Hi, I just bought a site and a database for a site of mine. I have a reseller and just created a cpanel account. Added my domain to the cpanel. Now the proble is that the database is to big and the seller asked me to ask my host to enable SSH. What is SSH and why cant I just install using cpanel? The database size is 1GB. Need help to solve this problem asap. Thanks
Thanks for the superb response via PM. Will keep this in mind. Still waiting of other alternative first though. Rep+ If there are anyone else who can install the database without using SSH PM me your rates too and your payment option. I accept PP and MB but prefer MB more. Let me know
Here is my advice for free phpMyAdmin allows uploads upto 51200 KB via the browser. So, make parts of your 1 GB database dump, which are smaller than or equal to the above size. Then import them in the correct order. Try it & let me know how it goes. Ishan
I would say better upload the 1 GB file in a .sql format to your /home/<user>/ where <user> is your account (from your ftp this is the root when you login using cPanel username and password) Then contact your host asking them to restore the database for you or ask them to provide you SSH access. The SSH command would be mysql -u db_username -p db_name < /home/<user>/backupname.sql Code (markup): This is the safest method if you (your host) can do it this way.

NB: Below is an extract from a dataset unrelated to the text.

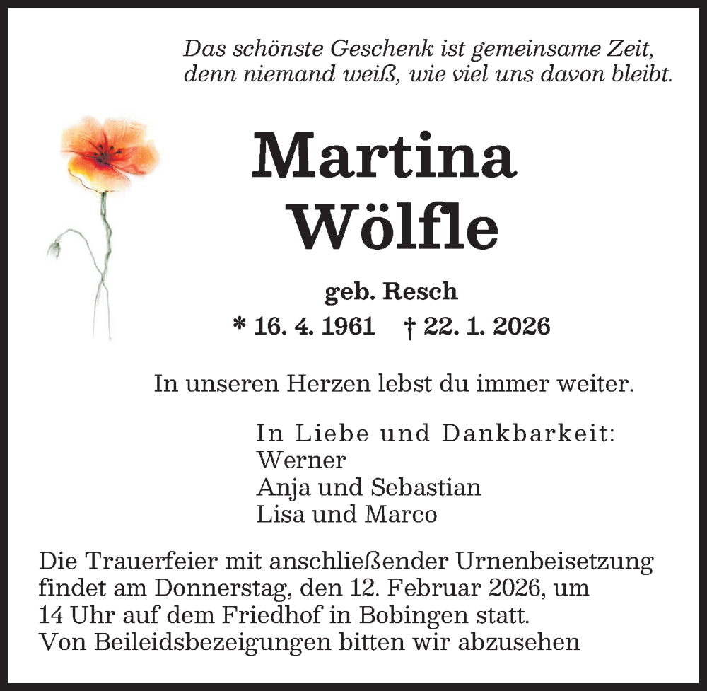 Hier finden Sie alle Traueranzeigen aus der Zeitung, die bisher für Martina Wölfle erschienen sind. Weitere Traueranzeigen, die in der Zeitung erscheinen, werden hier ebenfalls aufgelistet

hi i dont think with normal hosting you be able to do SSH you need vps/dedicate server to use ssh, why not telling him use a back up option and then use ftp ur self?

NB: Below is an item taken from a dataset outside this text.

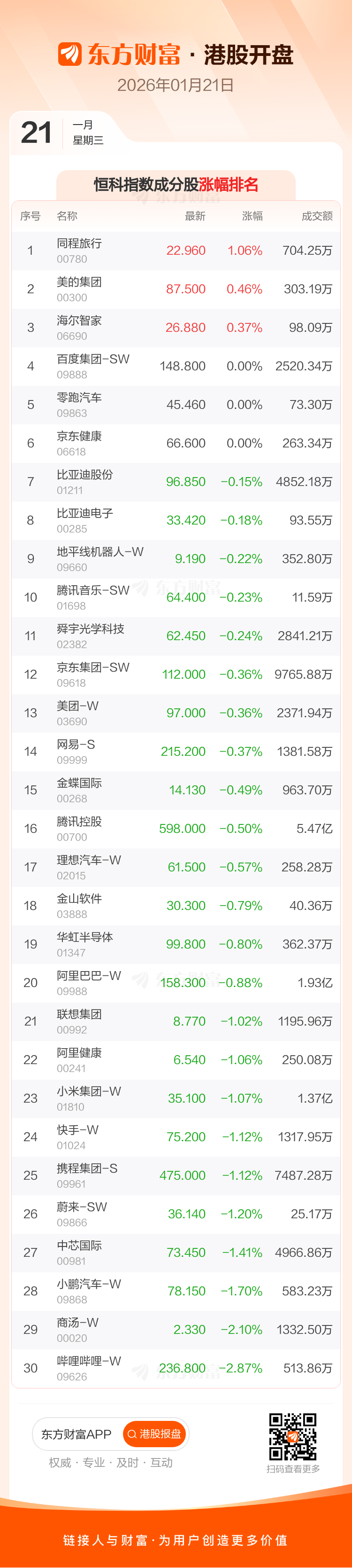 港股1月21日低开,恒生指数开盘报26397.04点,跌90.47点,跌幅0.34%;恒生科技指数开盘报5643.62点,跌39.82点,跌幅0.7%。恒生指数成分股中恒安国际、紫金矿业、恒隆地产涨幅居前,中通快递-W、中芯国际、泡泡玛特跌幅靠前。恒生科技指数成分股中同程旅行、美的集团、海尔智家涨幅居前,哔哩哔哩-W、商汤-W、小鹏汽车-W跌幅靠前。

If you're unable to get this done via SSH, have you looked into bigdump? http://www.ozerov.de/bigdump.php
You can open it in a text editor & make parts. You could think of it as making a new file for each paragraph in some text file. Or you could try the attached script. It comes with instructions on how to use it to upload large dumps. Or this - http://www.rusiczki.net/blog/blogstuff/SQLDumpSplitter.zip Let me know if you need any further help. Ishan
SSH is a command line interface for Linux that allows you to do things directly on the server. You can monitor all the running programs, really, anything you need. Most hosts will nto allow you SSH access on a shared environment (reseller is a shared env.). This is due to security risks. You MAY be able to get jailed SSH, which, essentially, limits you to certain things. And it would not be a good thing for you to mess with if you don't have any knowledge of it. You can really muck up a server if you do something wrong.